Studio album by Sort Sol
- Released: April 3, 2001
- Recorded: 2001
- Genre: Rock, alternative rock
- Length: 36:43
- Label: Mercury
- Producer: Per Sunding, Sort Sol

Sort Sol chronology
| Unspoiled Monsters (1996) | Snakecharmer (2001) | Stor Langsom Stjerne (2017) |

Singles from Snakecharmer
- "Nights in White Satin" Released: November 2000; "Elia Rising" Released: 2001; "I'll Take Care of You" Released: 2001;

= Snakecharmer (album) =

Snakecharmer is the eighth studio album by the Danish rock band Sort Sol and the sixth under that name after renaming from the earlier Sods.
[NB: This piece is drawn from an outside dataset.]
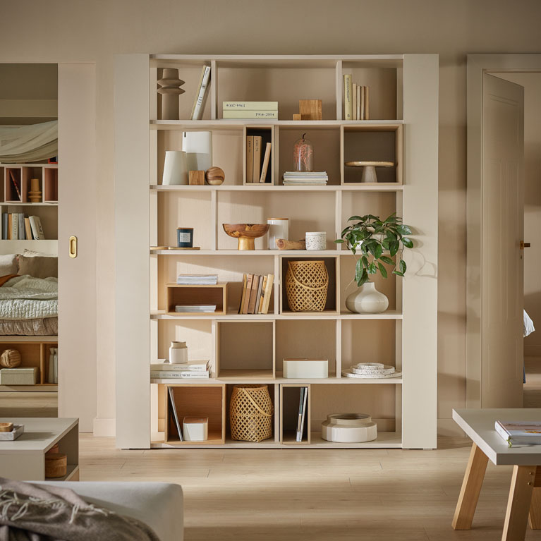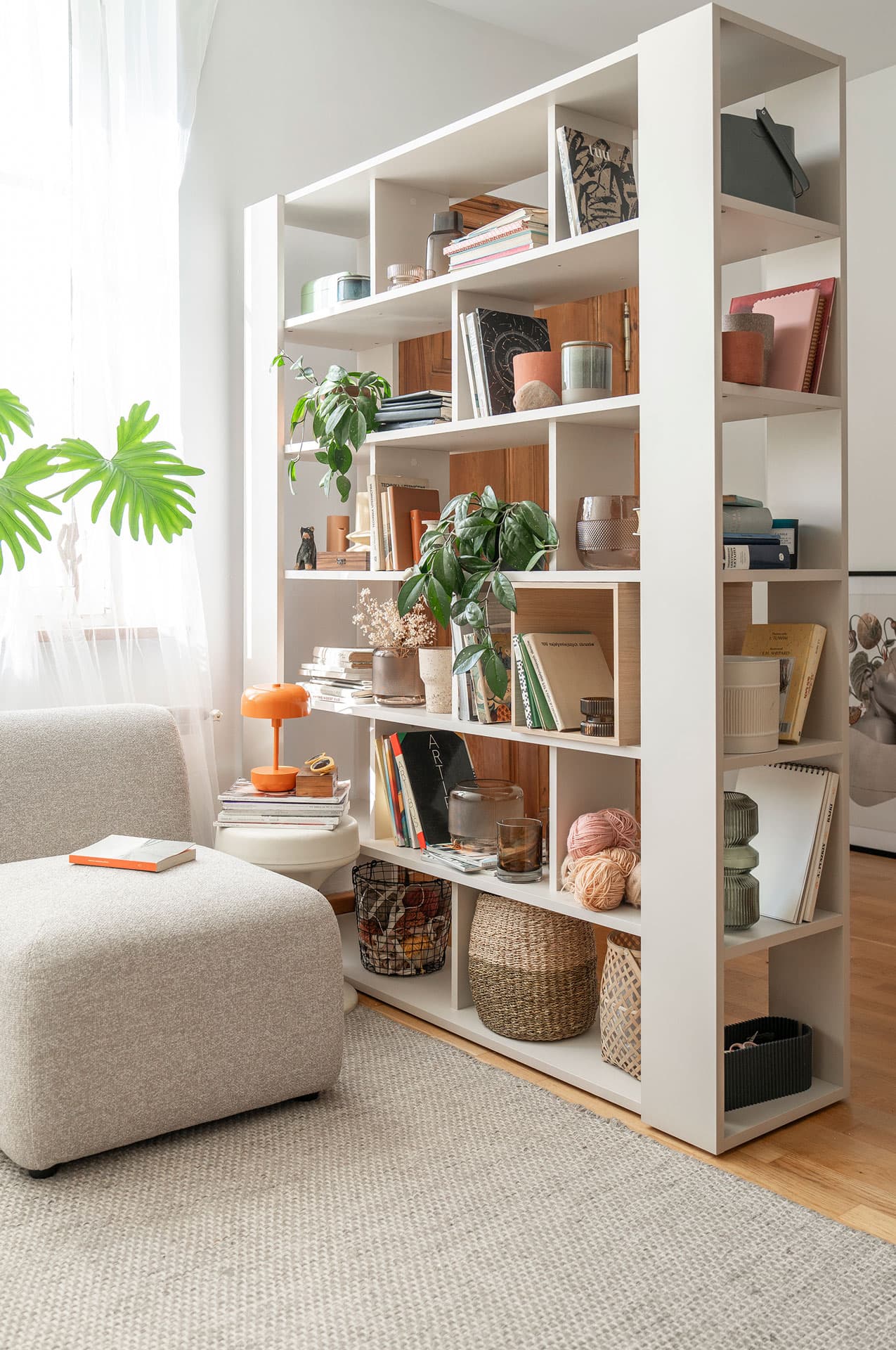- Regał został zaprojektowany w taki sposób, aby dostęp do jego zawartości był z trzech stron, dzięki czemu może stać w dowolnym miejscu pokoju, tworząc przy tym oryginalną ściankę działową. Korzystając z dedykowanego mocowania, można stabilnie przykręcić jeden z jego wąskich boków do ściany.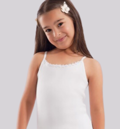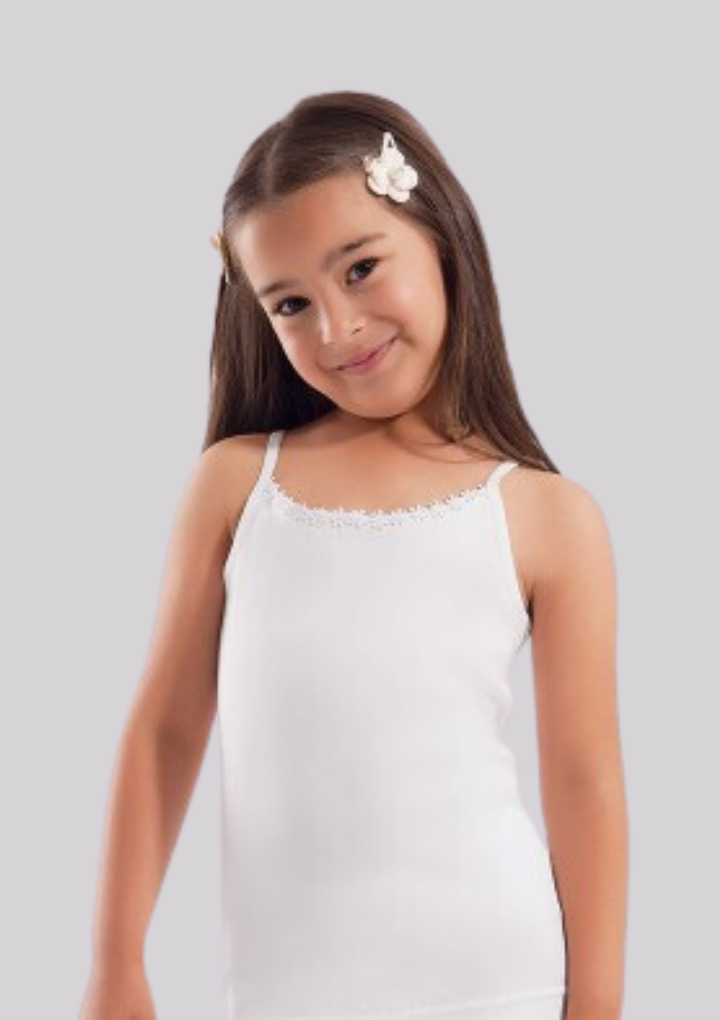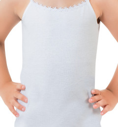 Майка для девочки на тонких бретельках представлена в белом цвете, что подчеркивает ее универсальность и подходит к каждому повседневному образу. Майка из натурального хлопка приятно облегает тело ребенка, не вызывая раздражения. Хлопковая ткань прекрасно дышит и поддерживает оптимальный температурный режим тела ребенка в течение дня. Горловина маечки украшена мягким кружевом.

The album was released on April 3, 2001, by Mercury Records. It was their first album in five years since Unspoiled Monsters (1996). The album reached number one in Denmark, and was certified gold by the International Federation of the Phonographic Industry (IFPI) for shipments of 25,000 copies.

==Track listing==
1. "I'll Take Care of You" – 4:46 (Jørgensen/Top-Galia)
2. "It's Gonna Rain" – 4:10 (Jørgensen/Top-Galia)
3. "Brogue" – 4:34 (Jørgensen/Top-Galia)
4. "Rhinestone" – 3:58 (Odde)
5. "Next Century" – 3:38 (Jørgensen/Top-Galia)
6. "Elia Rising" (featuring Sissel) – 4:25 (Odde)
7. "Who's Afraid of Virginia Woolf" – 2:39 (Odde/Odde, Top-Galia, Ortved)
8. "Daddy Howard in Queens" – 3:36 (Odde/Odde-Ortved)
9. "Nights in White Satin" – 4:57 (Hayward)

==Personnel==
- Sort Sol
- Steen Jørgensen – vocals
- Tomas Ortved – drums
- Lars Top-Galia – lead guitar
- Knud Odde – bass guitar

- Additional musicians and production
- Henrik Lindstrand – arranging and conducting on "I'll Take Care Of You"
- Wili Jønsson – additional bass guitar and keyboard on "I'll Take Care Of You", "Elia Rising" and "Night In White Satin"
- Sissel – duet on "Elia Rising"
- Per Sunding – backing vocals on "I'll Take Care Of You", "Rhinestone" and "Daddy Howard In Queens"
- Mark Linn – backing vocals on "Brogue", "Next Century" and "Who's Afraid Of Virginia Wolf"
- Alex Nyborg Madsen – backing vocals on "Who's Afraid Of Virginia Wolf"
- Mathias Toksværd – turntables on "It's Gonna Rain", "Brogue" and "Next Century"
- Laust Sonne – additional drums and percussion on "I'll Take Care Of You"
- S. Andersson – saxophone on "Who's Afraid Of Virginia Wolf"
- Jeppe Kaas – strings and horn on "Elia Rising"
- Johnny Stage – guitars, bass, backing vocals and keyboard on "Rhinestone" (original producer) and "Daddy Howard In Queens" (original producer)
- Per Sunding – production
- Michael Ilbert – mixing
- George Marino – mastering

==Charts and certifications==

===Charts===

| Chart (2001) | Peak position |
|---|---|
| Danish Albums Chart | 1 |

===Certifications===

| Region | Certification | Certified units/sales |
| Denmark (IFPI Danmark) | Gold | 25,000^{^} |
^{^} Shipments figures based on certification alone.